12. One of Patrick Ball's audition scenes for The Pitt was the moment when Robby confronts Langdon about the pills. So, while some viewers might've been caught off guard by Langdon's secret, Ball knew from the very beginning. This is Ball's first major TV role after having only guest-starred on Law & Order. In real life, his dad is a paramedic, and his mom is an ER nurse.

13. In order to make the birth scene in Episode 11, aka "5:00 p.m.," as realistic as possible, a "birth rig" was used to make it look like Enuka Okuma, who played Natalie, was actually giving birth. The rig consists of a gurney with a prosthetic of a pregnant belly, legs, and a vaginal canal anchored on top. Okuma was able to sit in a kneeling chair behind it and align her body with the rig. Then, her real legs and two puppeteers — who were controlling the silicone baby and tubing that added blood and other fluids — were hidden by the gurney and medical drapings.

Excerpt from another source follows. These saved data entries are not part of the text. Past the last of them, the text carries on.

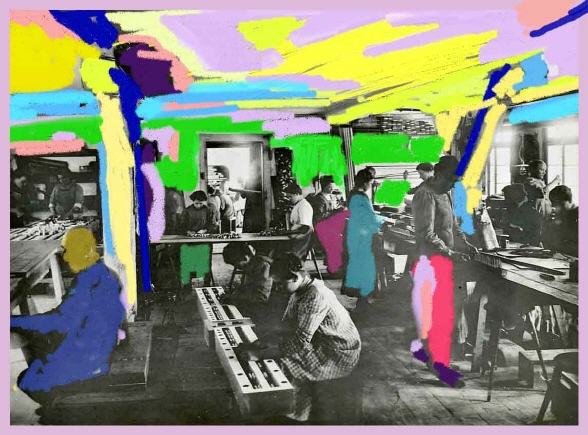 Wie wurde früher bei Walcker gearbeitet? so eine Frage, die immer wieder an uns gestellt wird. Natürlich alles sehr bunt, wie man sieht, aber das nachfolgende (leicht colorierte) Foto, zeigt noch eine andere Weisheit, nämlich den Umstand, dass die beiden Lehrbuben im Vordergrund sich gerade mit einer "Hängebälgchenlade" beschäftigen. Ebenso sehen wir eine solche Lade links im Hintergrund. Dies waren die Anlässe, uns mit diesem Foto etwas intensiver zu beschäftigen, denn wenn man sich mit der Vergangenheit beschäftigt, dann ist jedes einzelne Detail wichtig. Und die unnötigen Details sollte man sofort wieder vergessen bzw. tief in laute Farbe hüllen. |
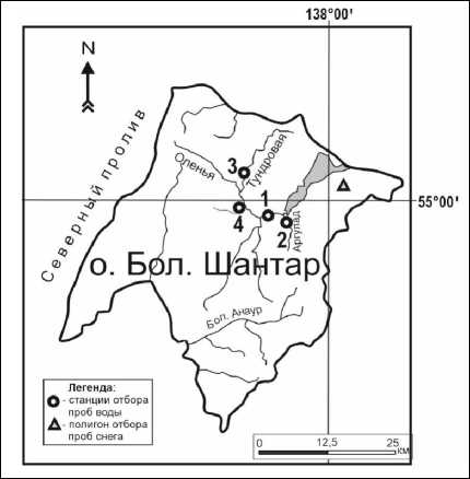 Работы проводились в 2017–2018 гг. на о. Б. Шантар, станции отбора (поверхностные воды, снежный покров) представлены на рис. 1.
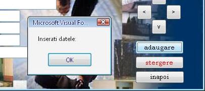 Dupa apasarea butonului "adaugare" apare un mesaj ce ne sugereaza sa adaugam date noi in baza de date.
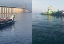 Empurrador naufraga próximo à Ponte Phelippe Daou e cena viraliza nas redes sociais em...
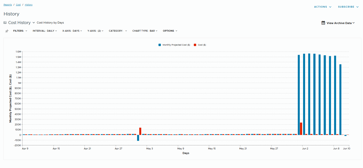 The Projected Monthly Cost measure does not match when looking with a Daily interval selected. Cost for the previous month is in line with the daily cost measure, but is inflated for the current month.
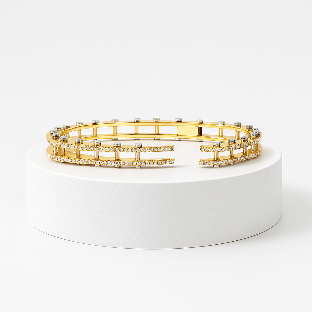IonFlux Kelepçe, adını iyon akışının kesintisiz enerjisinden alan ve Aven & Laurel’in “yarının zarafeti” manifestosunu bileğe taşıyan özgün bir başyapıt. Tasarımın kalbinde, şehir ışıklarıyla yarışan canlı bir altın tonuna gölgeler düşüren mikro kanallar yer alıyor; tıpkı sibernetik devrelerin ince hatları gibi bileği çevreleyen bu oyuklar, eliniz en ufak bir hareketteyken ışığı dalga dalga kırarak takıya dinamik bir derinlik katıyor. Geleneksel bilezik formunun sınırlarını zorlayan yarı esnek omurga, görünmez menteşe sistemiyle birleşerek ikinci bir deri hissi yaratıyor; bu konfor, IonFlux’u gün boyu bileğinizden çıkarmak istemeyeceğiniz rafine bir güç simgesine dönüştürüyor.

14. Also, the moment when Mel holds the newborn baby in Episode 11 wasn't scripted but something the cast came up with while filming the episode. The baby was animatronic, but Dearden said you could feel it moving with a puppeteer controlling it off-camera. Taylor Dearden told Vulture, "Dr. Collins was the only one supposed to be handling the baby, but I remember Tracy Ifeachor saying, having lost a baby, it would be really hard to cradle a healthy baby right now."

15. Katherine LaNasa shadowed a nurse named Kathy Garvin, who works at LA General and who the character of Dana Evans is loosely based on. She said while shadowing Garvin, she learned about the "care of [the ER] regulars." LaNasa told Vulture, "She told me about a guy there and what his journey had been like. I really got to see her relationship to him. But it was very matter-of-fact because there’s emotional, mental, and physical trauma going through there all day, every day. For them to be able to serve everyone, they have to have this kind of emotional efficiency."

16. In Episode 14, aka "8:00 p.m.," McKay's father is played by actor Fiona Dourif's real-life dad, Brad Dourif, who has been playing Chucky since Child's Play in 1988. Speaking to Variety about how her dad wound up in The Pitt, Dourif said, "My suspicion is that it was Noah Wyle's idea. He has talked to me about my dad’s career in great detail before, so I know there needed to be a device to get Harrison home, and it was probably thrown out in the writers’ room as a very cool idea."
17. And finally, since the big trauma scenes are incredibly complex, the actors rehearse everything before filming begins. "The lines come rapid fire. The procedure comes rapid fire. There's so many moving pieces," Fiona Dourif told HBO. Gerran Howell, who plays Whitaker, also related the big trauma scenes to a "dance" where it's almost like "everyone has their own choreography."